| TASK TO CARRY OUT |
Would you please set down the data again exactly as given, excluding the pictures?

| DATASET EXCERPT |
____________
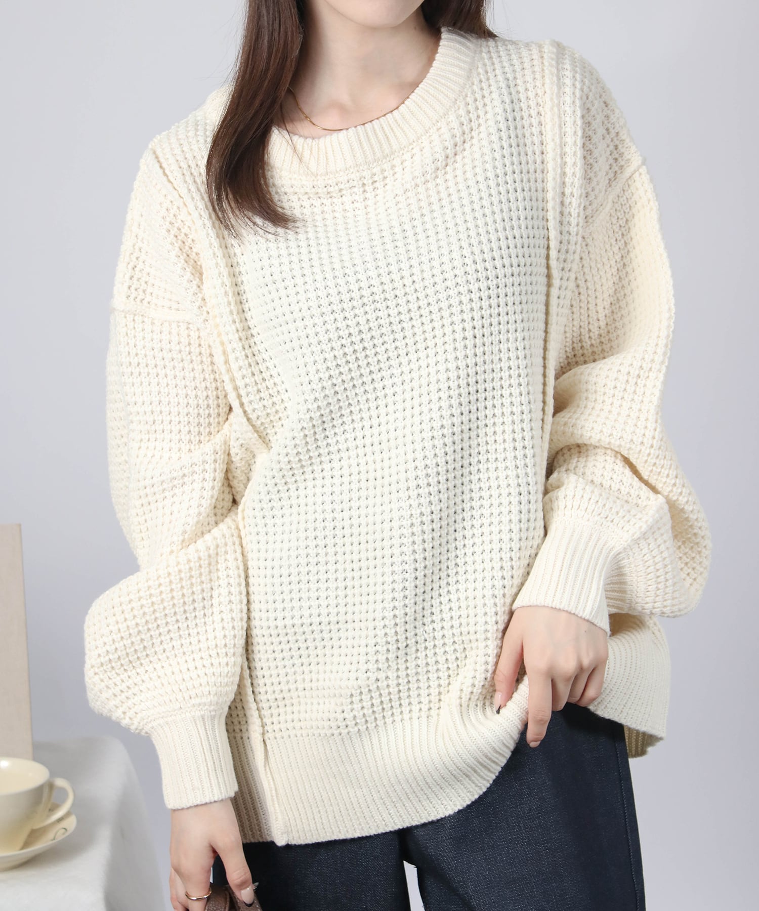 ワッフル編みニットトップス
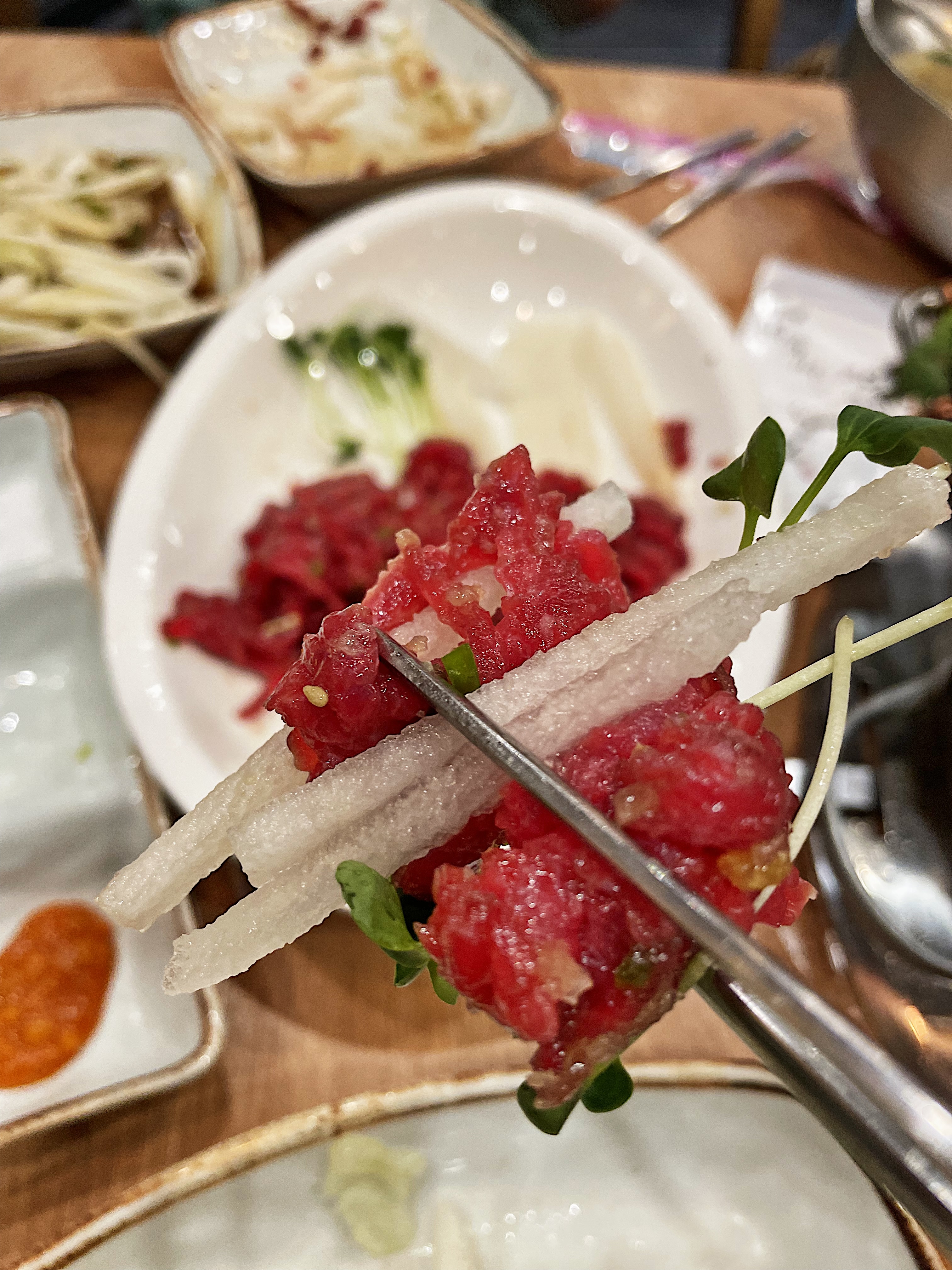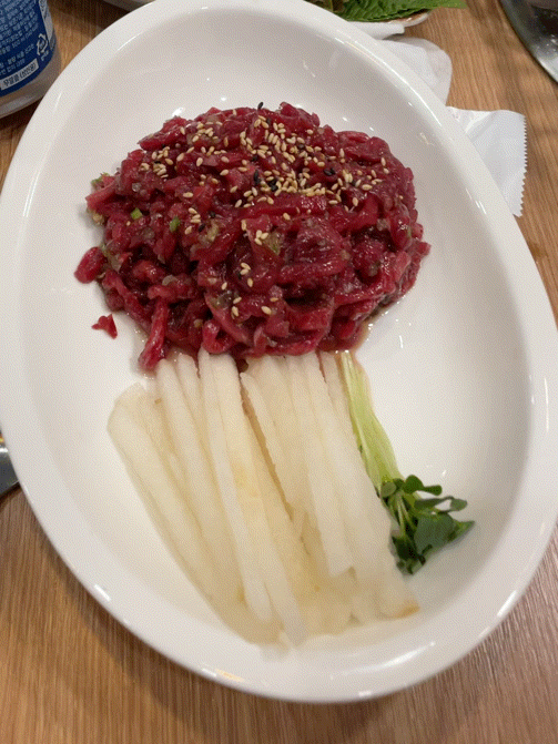 아이들이 육회를 잘 먹길래 겨우 한 젓가락 얻어먹어봤습니다.
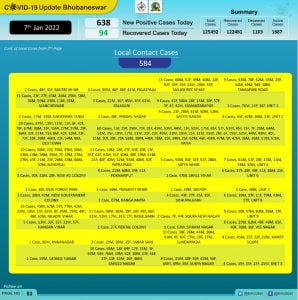 According to Bhubaneswar Municipal Corporation (BMC), of the day’s total cases, 584 patients are local contacts while 54 are from quarantine.
____________
| OUTPUT OF THE EXERCISE |
 ワッフル編みニットトップス
 아이들이 육회를 잘 먹길래 겨우 한 젓가락 얻어먹어봤습니다.
 According to Bhubaneswar Municipal Corporation (BMC), of the day’s total cases, 584 patients are local contacts while 54 are from quarantine.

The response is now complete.